About this exercise: Please transcribe exactly the lines from the line holding "Vous serez ébahi" through the end of the data below, and skip any pictures.

Given information:
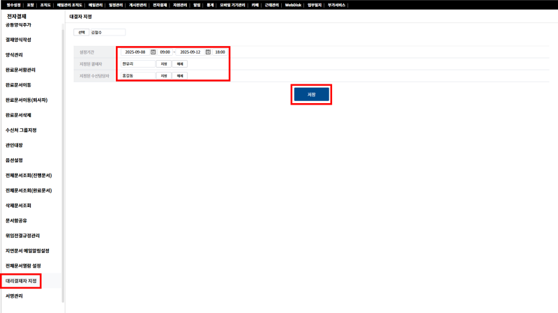 대리 결재자를 지정해줍니다.
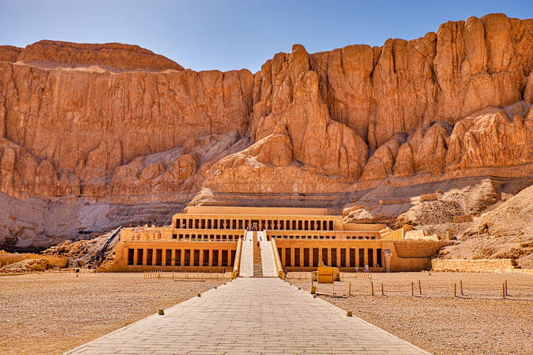 Vous serez ébahi par l'immense complexe de Deir el-Bahari qui inclut Le Temple de la reine Hateshpsout unique en Egypte, car il est en partie creusé dans le roc et s’élève sur trois terrasses reliées par des rampes centrales. un édifice unique situé dans le creux de la montagne.
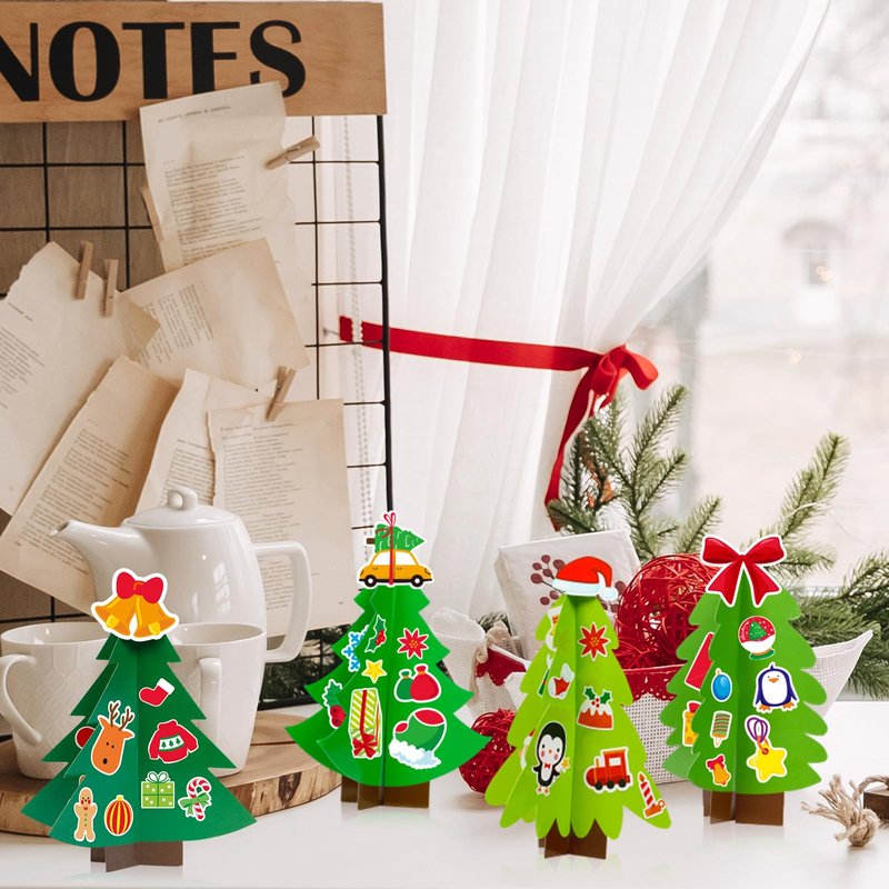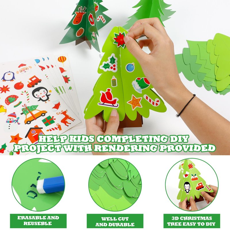 - 【Easy to Use】 The operation of Christmas tree DIY is also very simple for children. Stick sticker ornaments on basic cards to create your own Christmas tree ornament that look great to hang on your tree or standing on the table, Christmas craft kit ornaments hanging art can also be used as a party game activity to get everyone everyone enjoy the fun of crafting.

Response:
 Vous serez ébahi par l'immense complexe de Deir el-Bahari qui inclut Le Temple de la reine Hateshpsout unique en Egypte, car il est en partie creusé dans le roc et s’élève sur trois terrasses reliées par des rampes centrales. un édifice unique situé dans le creux de la montagne.
 - 【Easy to Use】 The operation of Christmas tree DIY is also very simple for children. Stick sticker ornaments on basic cards to create your own Christmas tree ornament that look great to hang on your tree or standing on the table, Christmas craft kit ornaments hanging art can also be used as a party game activity to get everyone everyone enjoy the fun of crafting.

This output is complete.